## [SOURCE MATERIAL]
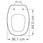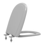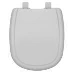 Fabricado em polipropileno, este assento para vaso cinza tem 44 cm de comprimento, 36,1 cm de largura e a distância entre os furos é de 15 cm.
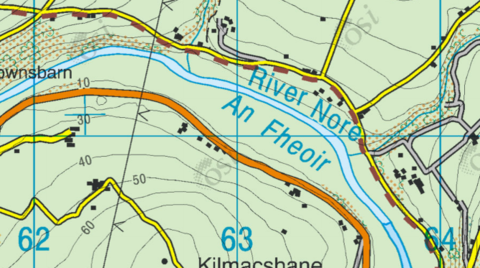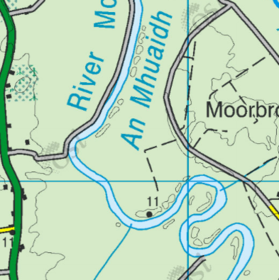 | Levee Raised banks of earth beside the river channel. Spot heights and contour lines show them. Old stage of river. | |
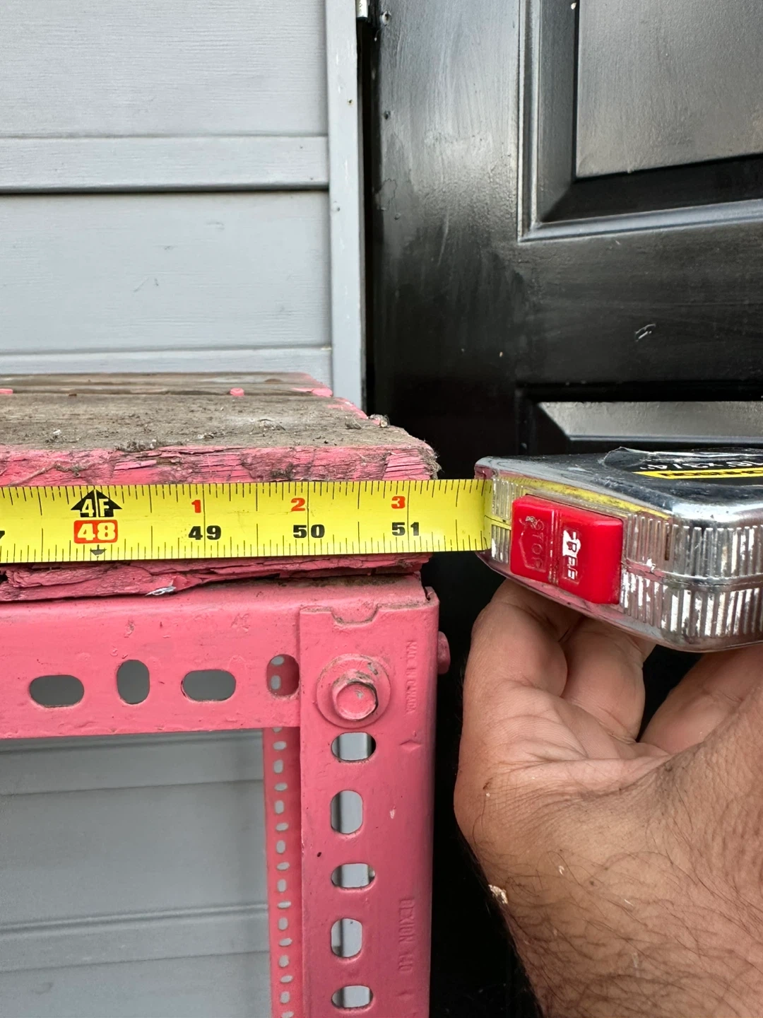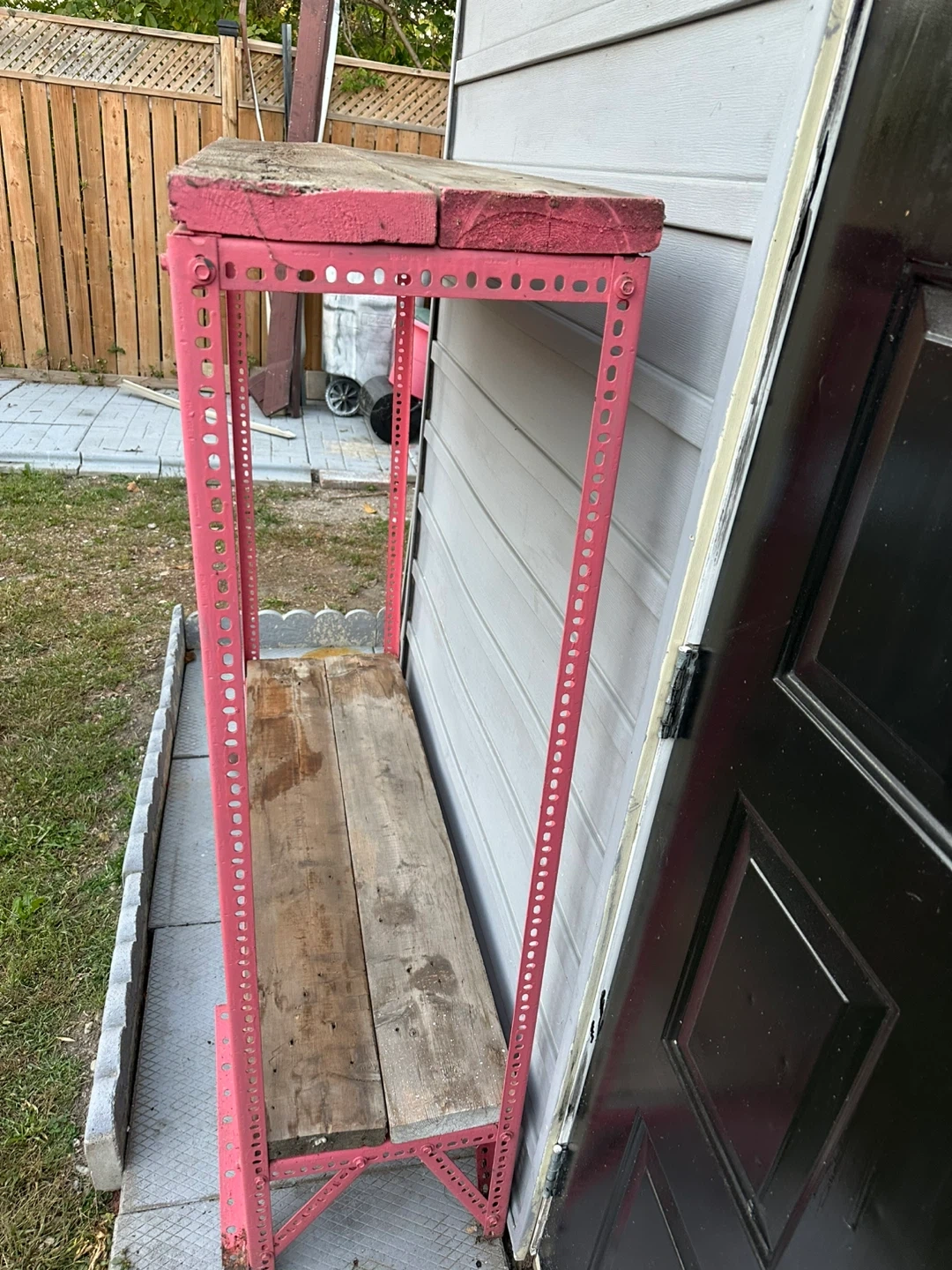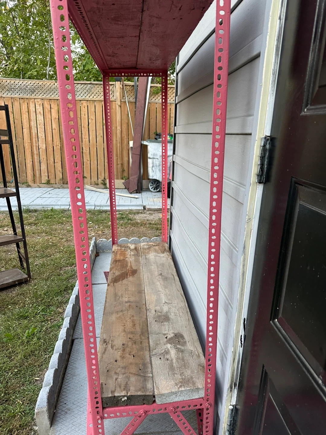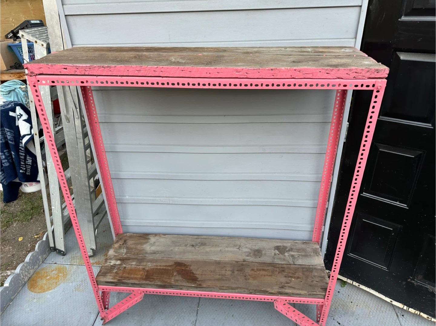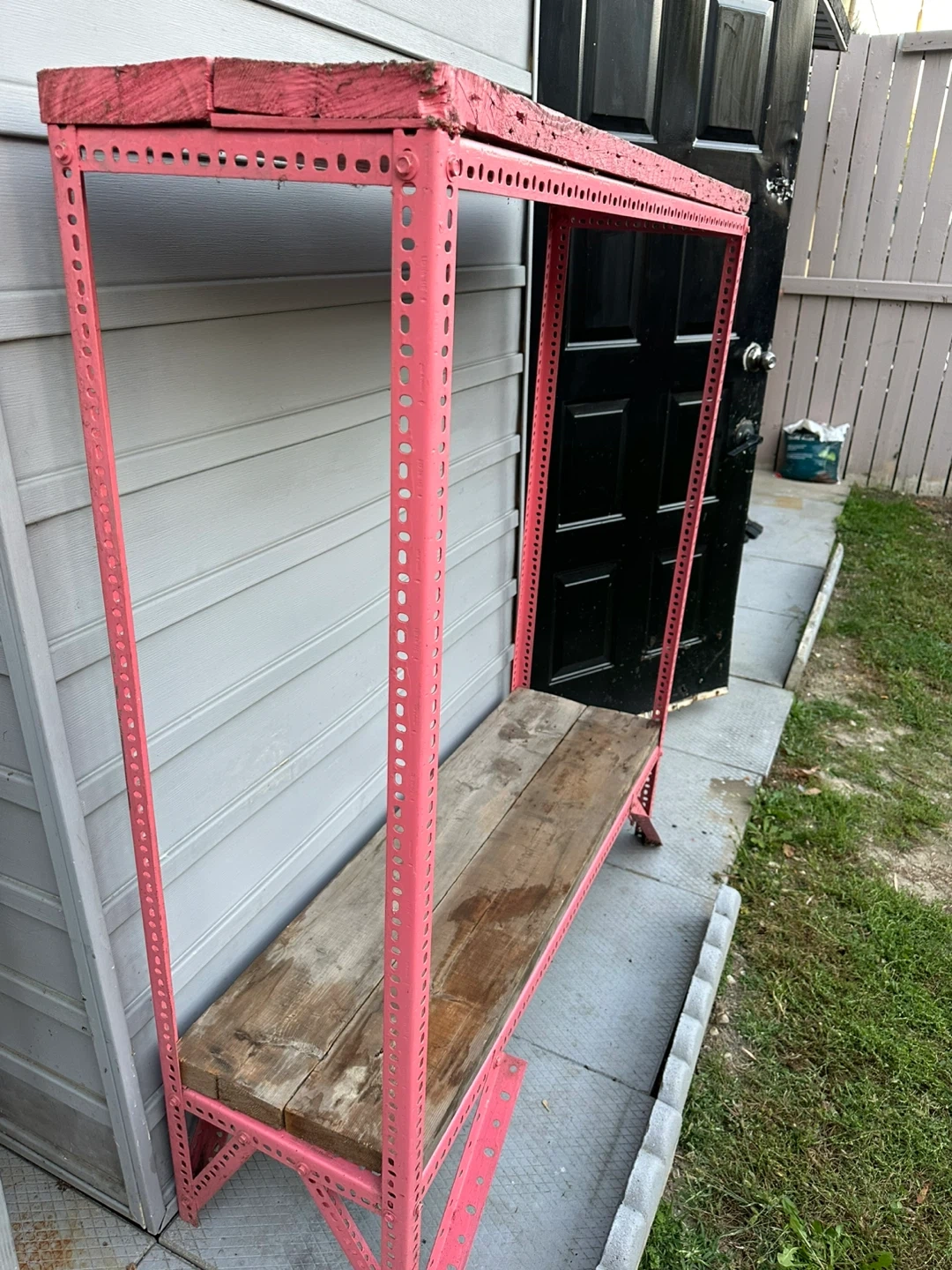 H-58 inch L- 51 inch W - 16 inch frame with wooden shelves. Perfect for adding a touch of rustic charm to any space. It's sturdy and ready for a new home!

## [EXERCISE]
Repeat the material above verbatim, with no pictures in the output.

## [RESPONSE AREA]
 Fabricado em polipropileno, este assento para vaso cinza tem 44 cm de comprimento, 36,1 cm de largura e a distância entre os furos é de 15 cm.
 | Levee Raised banks of earth beside the river channel. Spot heights and contour lines show them. Old stage of river. | |
 H-58 inch L- 51 inch W - 16 inch frame with wooden shelves. Perfect for adding a touch of rustic charm to any space. It's sturdy and ready for a new home!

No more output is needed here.